■ **Records provided**:
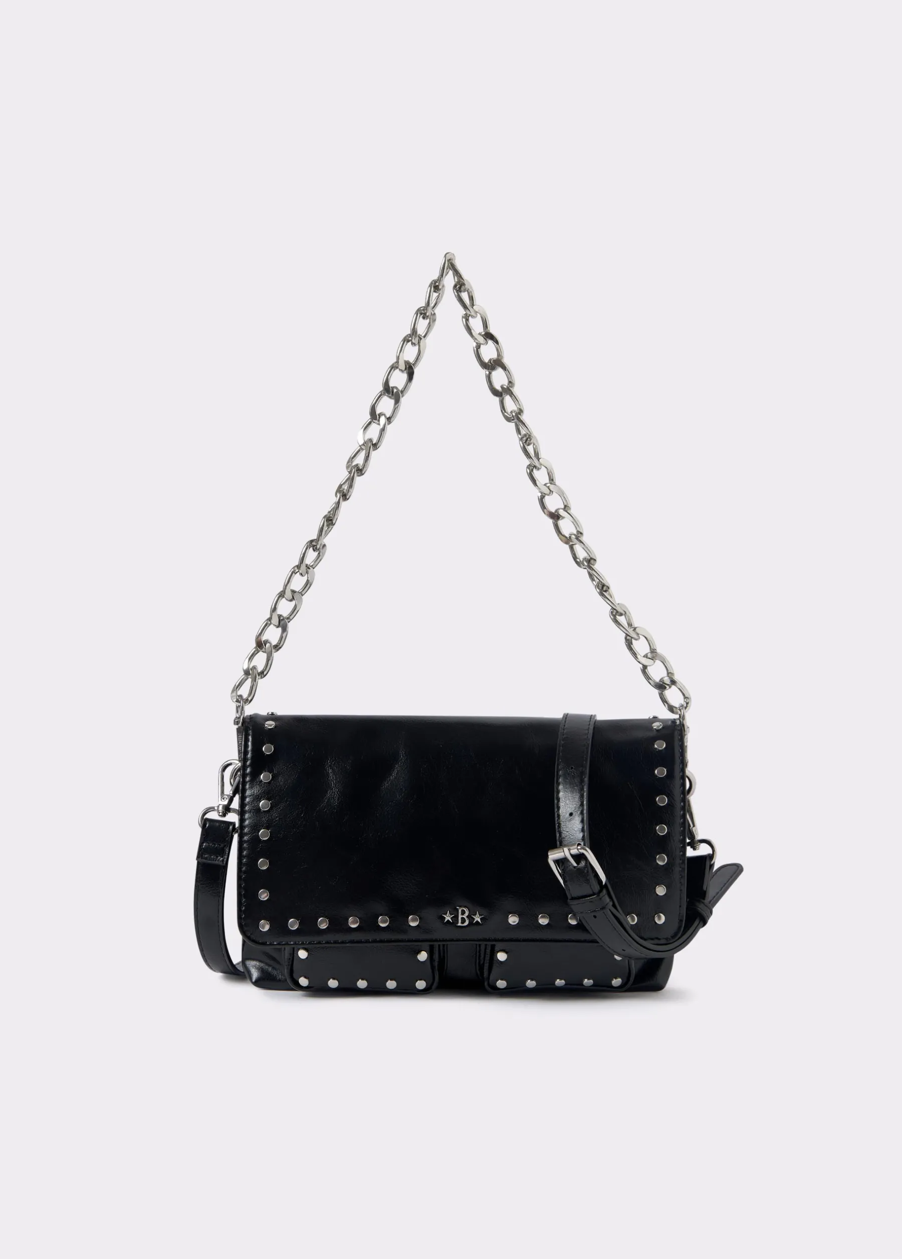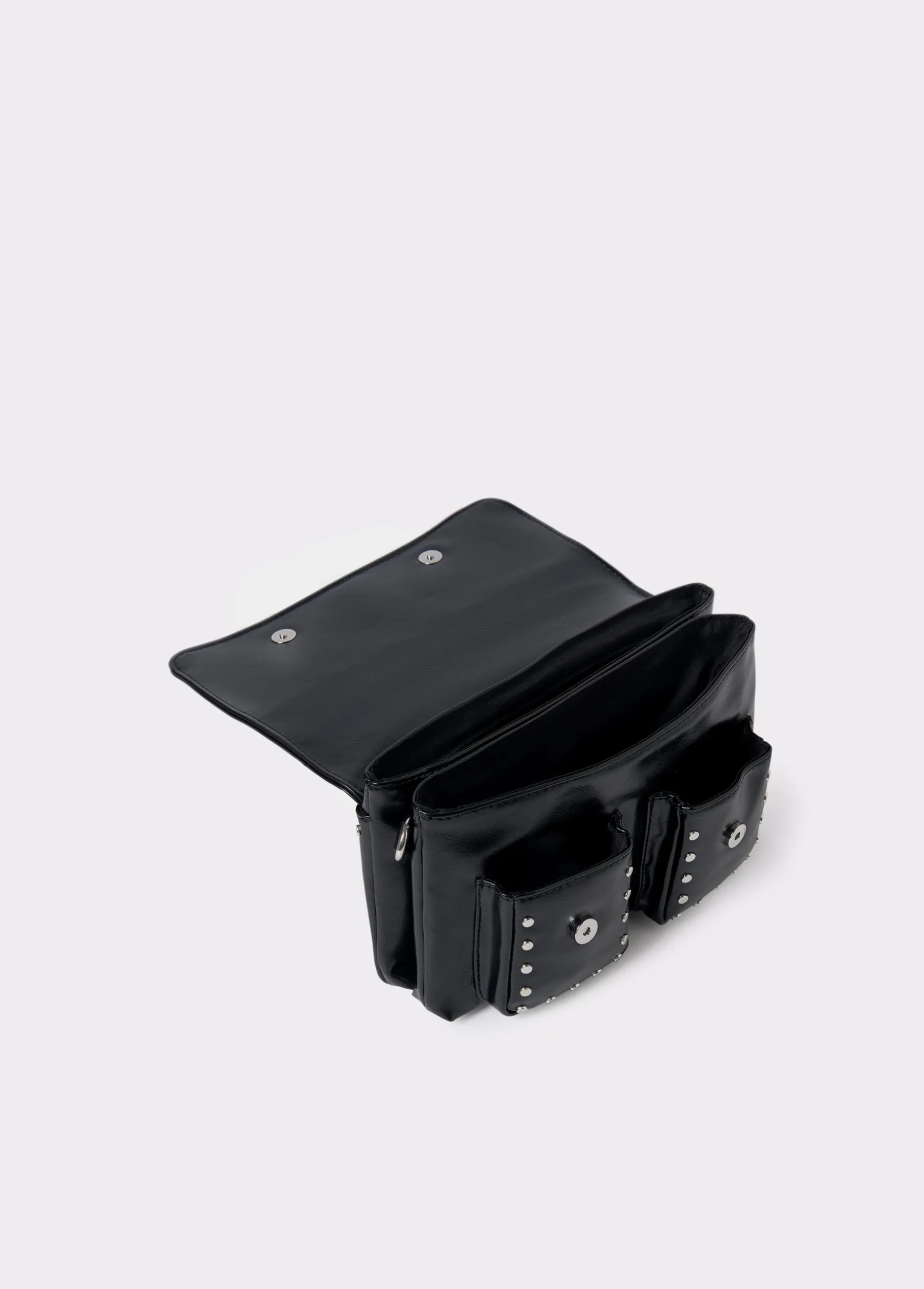 Bolso de hombro en color negro con solapa, bolsillos y detalle de tachas en la parte delantera. Dispone de doble correa, ambas extraíbles; una más corta para colgar del hombro y otra más larga para llevar de bandolera.
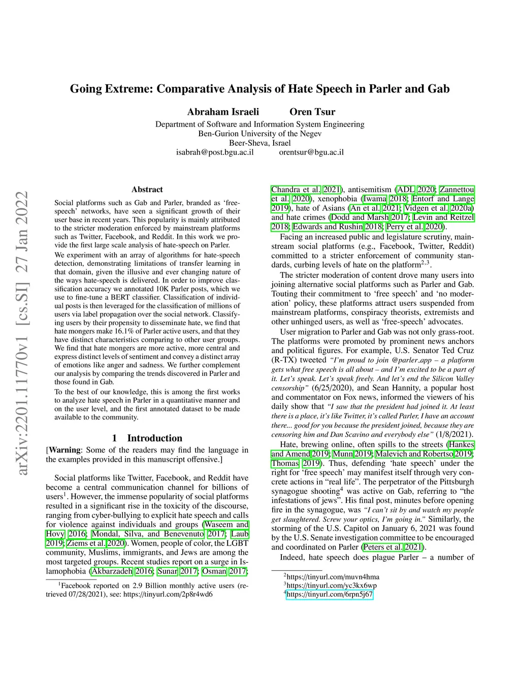 Going Extreme: Comparative Analysis of Hate Speech in Parler and Gab
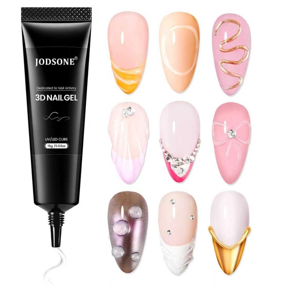 JODSONE Clear 3D Gel Nail Art - 15g No Wipe Crystal Clear Sculpting Gel for DIY 3D Nail Art Design, Texture Molding & Rhinestone Decoration(15g)
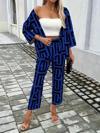 Kadın Uzun Kollu önü Açık Desenli Iki Iplik Ceket Ve Pantolon Ikili Takım
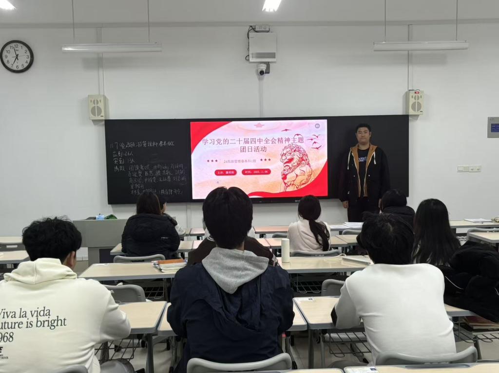 为引导广大青年学习贯彻习近平新时代中国特色社会主义思想,深刻领会党的二十届四中全会精神的核心要义与时代价值,11月5日,hth华体育官网在崇德楼各教室开展“学习党的二十届四中全会精神”主题团日活动。
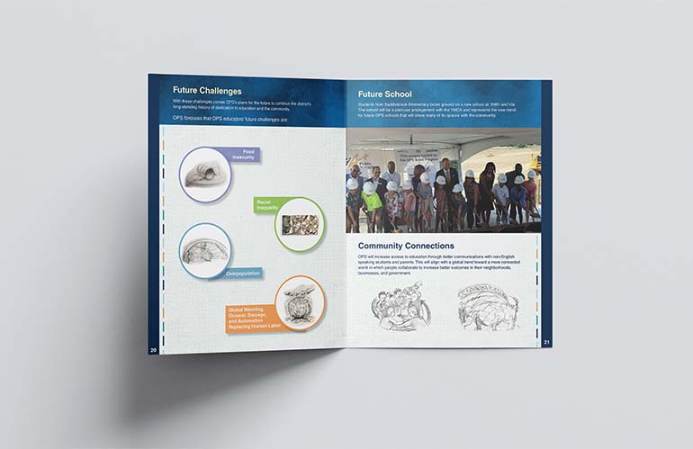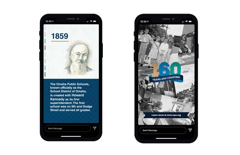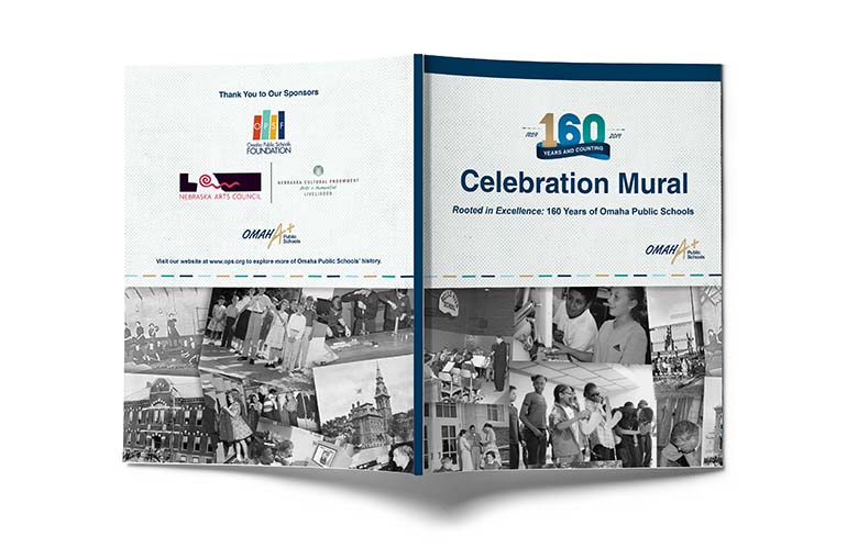 Strategies: Omaha Public School’s 160th anniversary celebration and its new mural installation. The strategy aimed to draw attention from OPS’s more than 53,000 students to get them excited to learn more about their school’s history and be proud of where they’ve been, where they are, and where they’re going. The brochure would complement a mural viewer’s experience, while the videos would show behind the scenes footage of its creation. The site would offer more in-depth information, and the strategy would make the entire celebration and deliverables live.
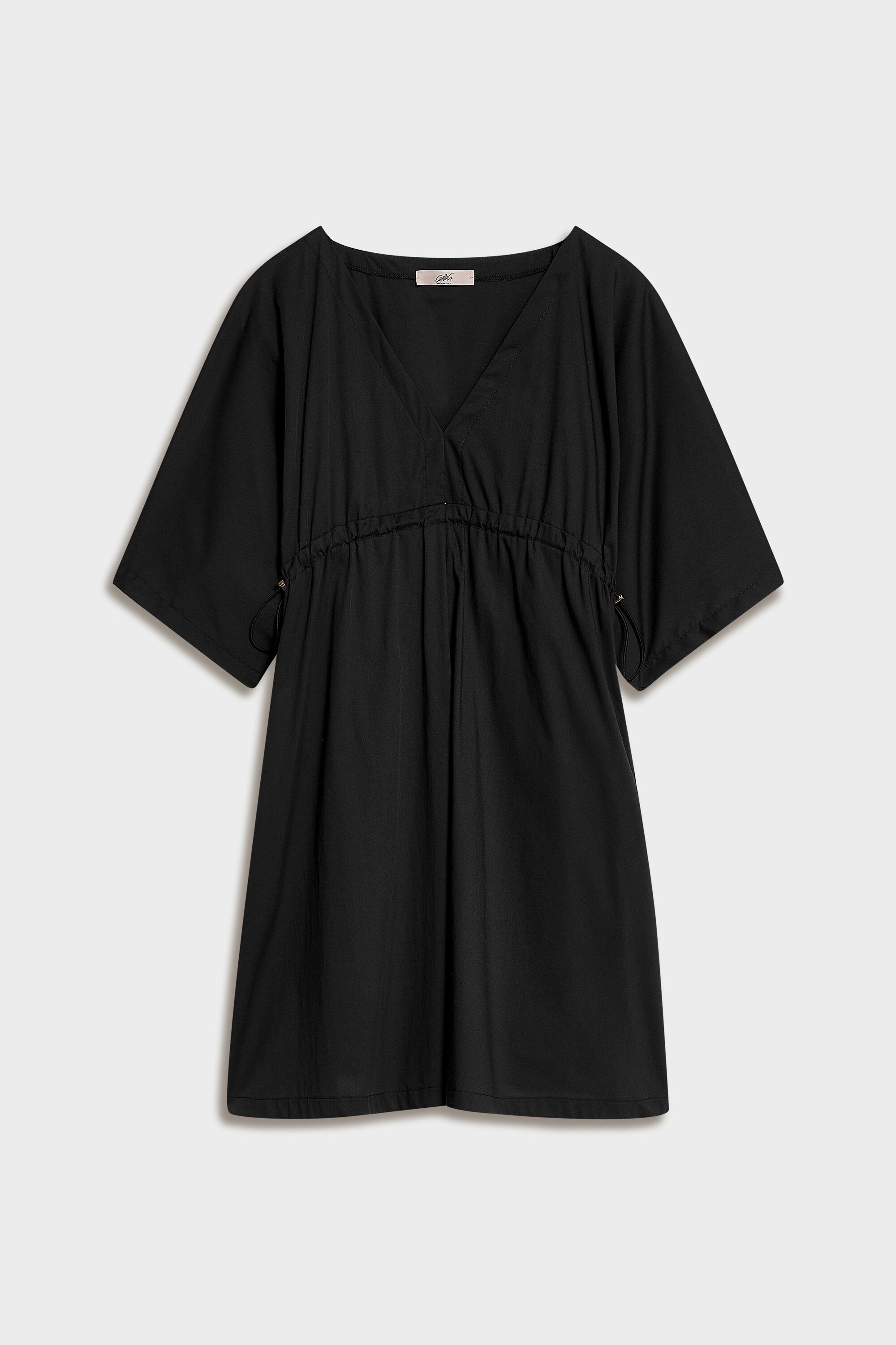 Abito corto svasato in popeline elasticizzato. Vita regolabile con elastico e fermacorda in metallo.Entrata tasche laterale. Medaglietta con logo CG nel centro dietro.
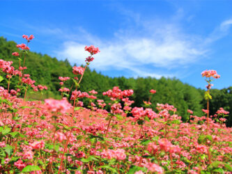 【6-7】中部発 2つの詰め放題とぶどう狩り食べ放題&1房土産!一面ルビー色の花畑 赤そばの里見学!
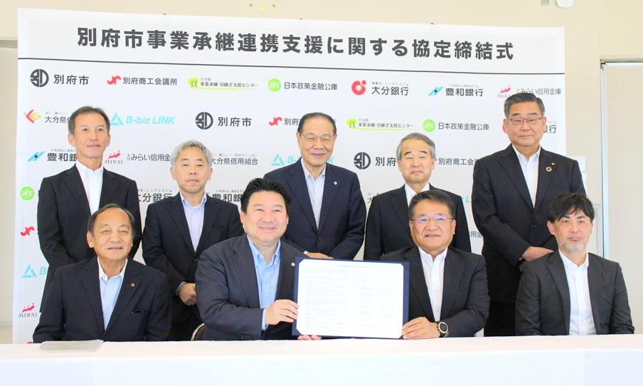 令和7年7月15日、別府市において、市内中小企業の円滑な事業承継支援と地域経済の活性化を目指す「別府市事業承継連携支援に関する協定」が締結されました。本協定は大分県内で初の地域連携であり、当センターも構成団体として参画しています。
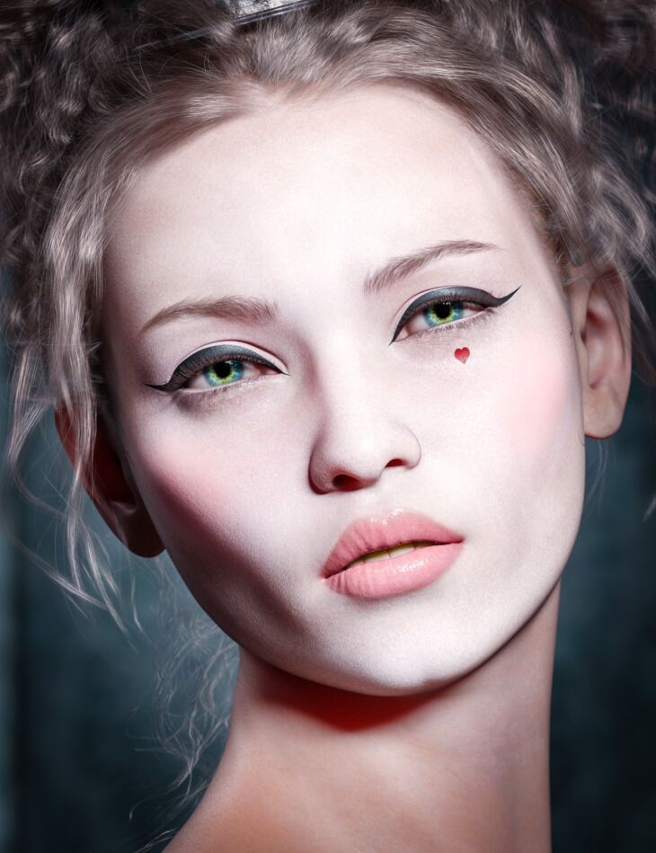 CB Etta HD is a custom-sculpted level 3 HD character with LIE makeup, both contemporary and light fantasy, with optional white face powder base and beauty mark detailing.
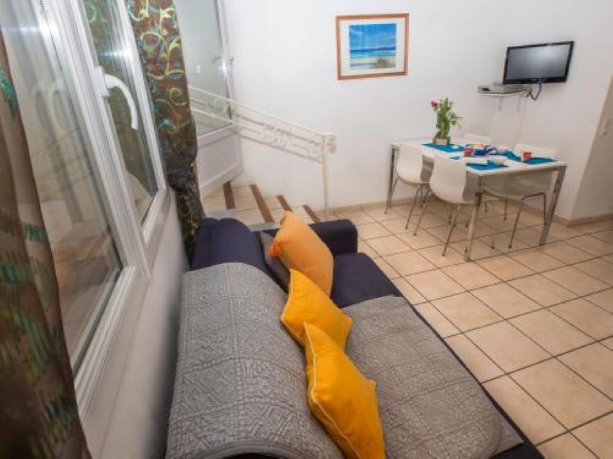 The bedroom offers comfortable sleeping arrangements for two guests, while additional sleeping space is available in the living area for two more guests, making this apartment ideal for small families or groups.
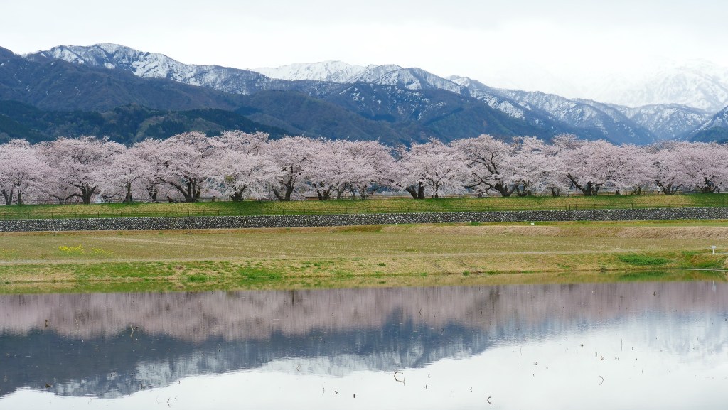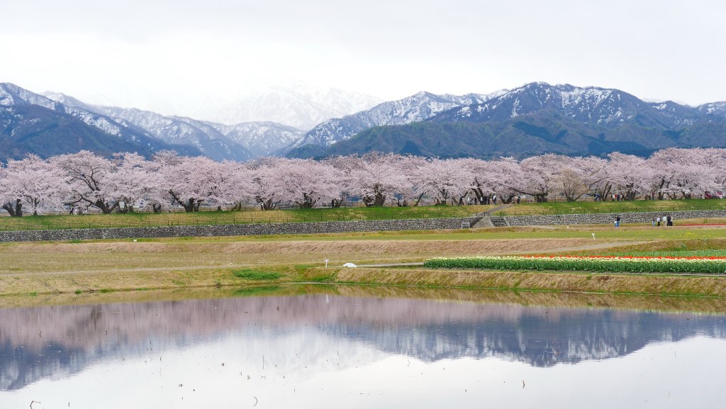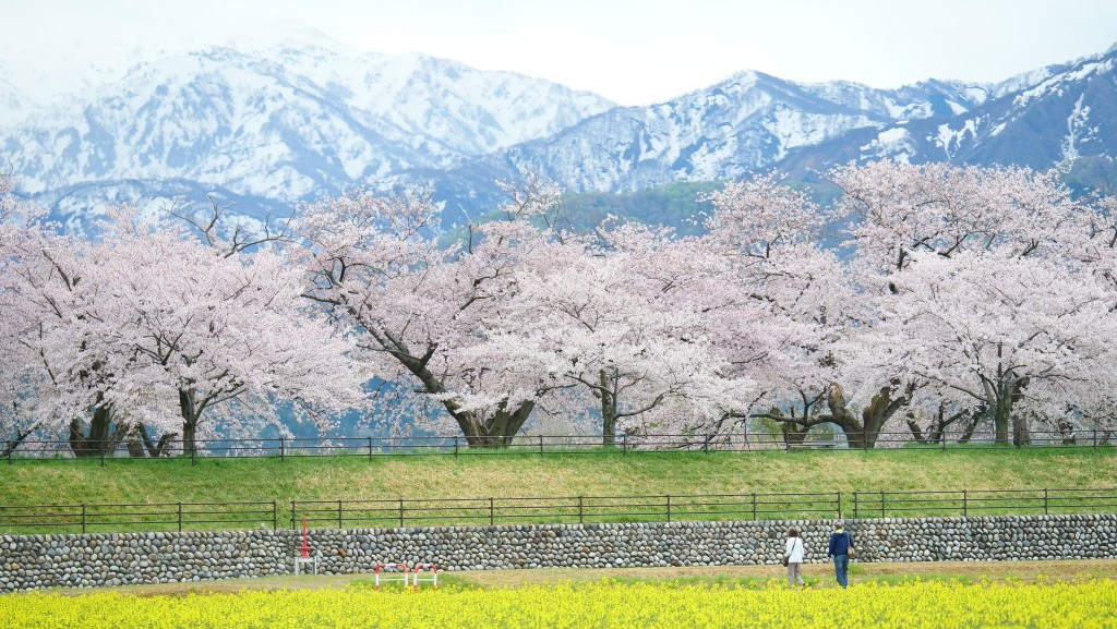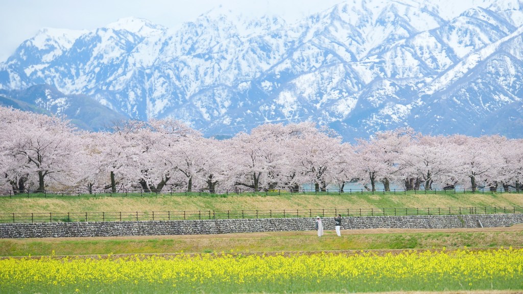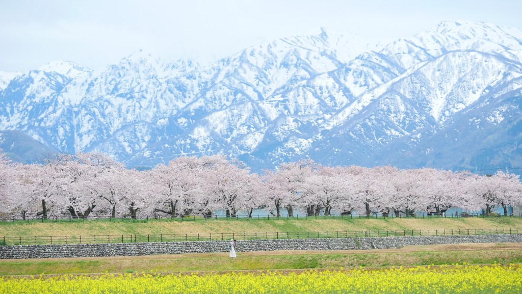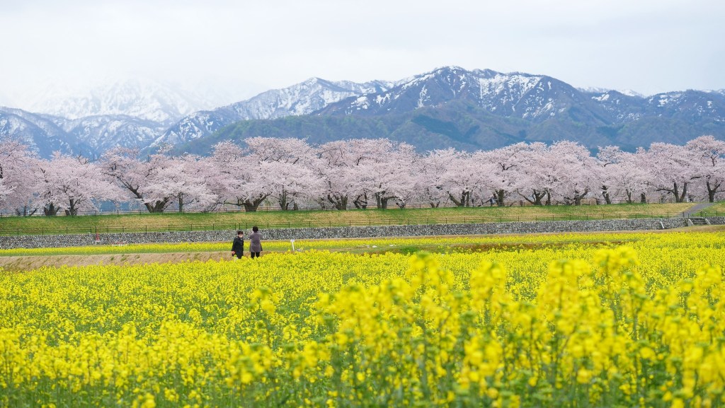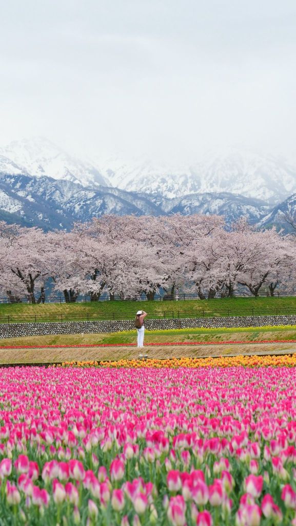 Asahi Spring Quartet คือช่วงเวลาพิเศษที่ 4 อย่าง มาบรรจบกัน นั่นคือยอดเขา Japan Alps ที่ปกคลุมด้วยสีขาวของหิมะในปลายฤดูหนาว สีชมพูของซากุระ นาโนฮานะ (rapeseed flowers) สีเหลืองซึ่งอยู่ถัดลงมา และทิวลิปหลากหลายสีสัน เป็นงานเทศกาลดอกไม้ของเมือง Asahi,Toyama ที่จัดขึ้นเป็นประจำทุกปีในฤดูใบไม้ผลิ

■ **Exercise description**:
In your copy of the listing above, reproduce each line exactly and omit all pictures.

■ **Response area**:
 Bolso de hombro en color negro con solapa, bolsillos y detalle de tachas en la parte delantera. Dispone de doble correa, ambas extraíbles; una más corta para colgar del hombro y otra más larga para llevar de bandolera.
 Going Extreme: Comparative Analysis of Hate Speech in Parler and Gab
 JODSONE Clear 3D Gel Nail Art - 15g No Wipe Crystal Clear Sculpting Gel for DIY 3D Nail Art Design, Texture Molding & Rhinestone Decoration(15g)
 Kadın Uzun Kollu önü Açık Desenli Iki Iplik Ceket Ve Pantolon Ikili Takım
 为引导广大青年学习贯彻习近平新时代中国特色社会主义思想,深刻领会党的二十届四中全会精神的核心要义与时代价值,11月5日,hth华体育官网在崇德楼各教室开展“学习党的二十届四中全会精神”主题团日活动。
 Strategies: Omaha Public School’s 160th anniversary celebration and its new mural installation. The strategy aimed to draw attention from OPS’s more than 53,000 students to get them excited to learn more about their school’s history and be proud of where they’ve been, where they are, and where they’re going. The brochure would complement a mural viewer’s experience, while the videos would show behind the scenes footage of its creation. The site would offer more in-depth information, and the strategy would make the entire celebration and deliverables live.
 Abito corto svasato in popeline elasticizzato. Vita regolabile con elastico e fermacorda in metallo.Entrata tasche laterale. Medaglietta con logo CG nel centro dietro.
 【6-7】中部発 2つの詰め放題とぶどう狩り食べ放題&1房土産!一面ルビー色の花畑 赤そばの里見学!
 令和7年7月15日、別府市において、市内中小企業の円滑な事業承継支援と地域経済の活性化を目指す「別府市事業承継連携支援に関する協定」が締結されました。本協定は大分県内で初の地域連携であり、当センターも構成団体として参画しています。
 CB Etta HD is a custom-sculpted level 3 HD character with LIE makeup, both contemporary and light fantasy, with optional white face powder base and beauty mark detailing.
 The bedroom offers comfortable sleeping arrangements for two guests, while additional sleeping space is available in the living area for two more guests, making this apartment ideal for small families or groups.
 Asahi Spring Quartet คือช่วงเวลาพิเศษที่ 4 อย่าง มาบรรจบกัน นั่นคือยอดเขา Japan Alps ที่ปกคลุมด้วยสีขาวของหิมะในปลายฤดูหนาว สีชมพูของซากุระ นาโนฮานะ (rapeseed flowers) สีเหลืองซึ่งอยู่ถัดลงมา และทิวลิปหลากหลายสีสัน เป็นงานเทศกาลดอกไม้ของเมือง Asahi,Toyama ที่จัดขึ้นเป็นประจำทุกปีในฤดูใบไม้ผลิ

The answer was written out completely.